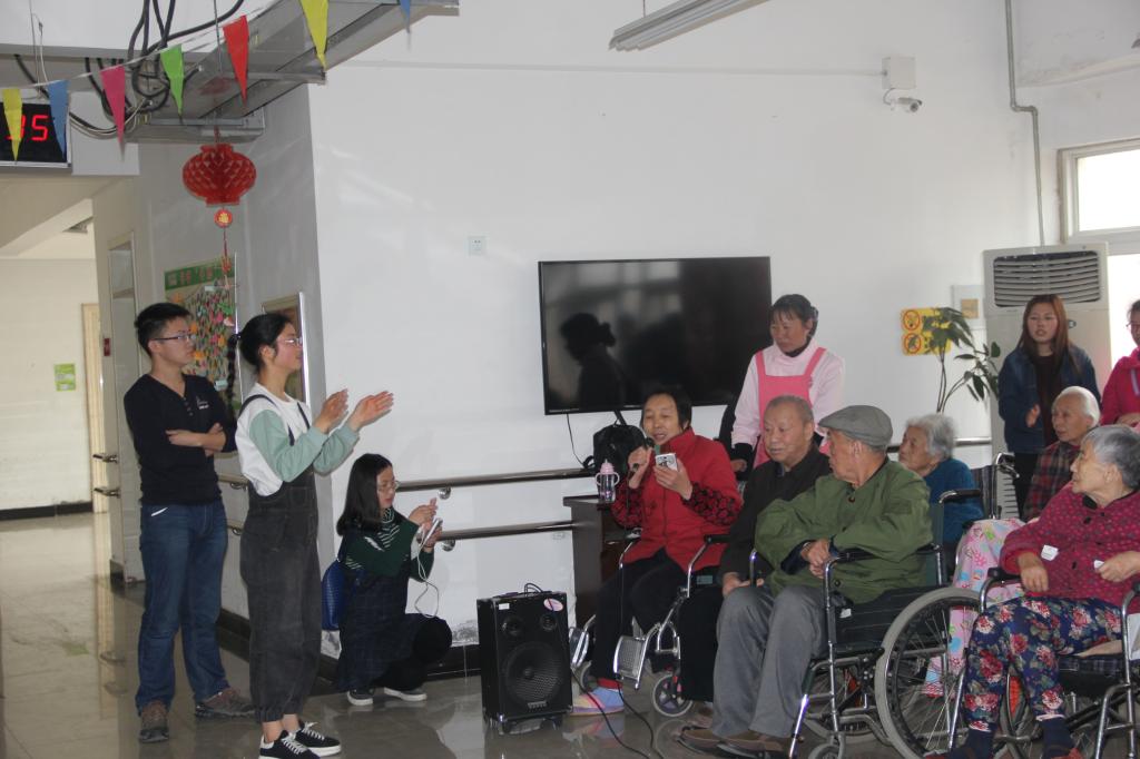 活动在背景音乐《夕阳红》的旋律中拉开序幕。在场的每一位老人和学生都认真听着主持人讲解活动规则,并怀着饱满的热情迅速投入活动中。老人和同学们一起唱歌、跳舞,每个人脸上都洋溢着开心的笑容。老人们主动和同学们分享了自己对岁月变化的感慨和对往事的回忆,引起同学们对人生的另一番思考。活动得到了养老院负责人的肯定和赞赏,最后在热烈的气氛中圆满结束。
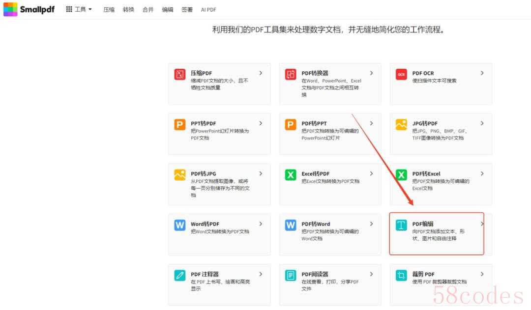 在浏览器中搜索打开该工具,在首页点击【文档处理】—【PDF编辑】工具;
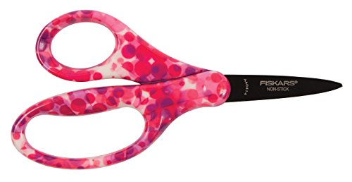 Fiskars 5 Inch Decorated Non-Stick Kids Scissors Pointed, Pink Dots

▬▬▬

▸ **Exercise prompt**: Retype all of the listing word for word and skip the pictures.

▸ **Response to this exercise**:
 活动在背景音乐《夕阳红》的旋律中拉开序幕。在场的每一位老人和学生都认真听着主持人讲解活动规则,并怀着饱满的热情迅速投入活动中。老人和同学们一起唱歌、跳舞,每个人脸上都洋溢着开心的笑容。老人们主动和同学们分享了自己对岁月变化的感慨和对往事的回忆,引起同学们对人生的另一番思考。活动得到了养老院负责人的肯定和赞赏,最后在热烈的气氛中圆满结束。
 在浏览器中搜索打开该工具,在首页点击【文档处理】—【PDF编辑】工具;
 Fiskars 5 Inch Decorated Non-Stick Kids Scissors Pointed, Pink Dots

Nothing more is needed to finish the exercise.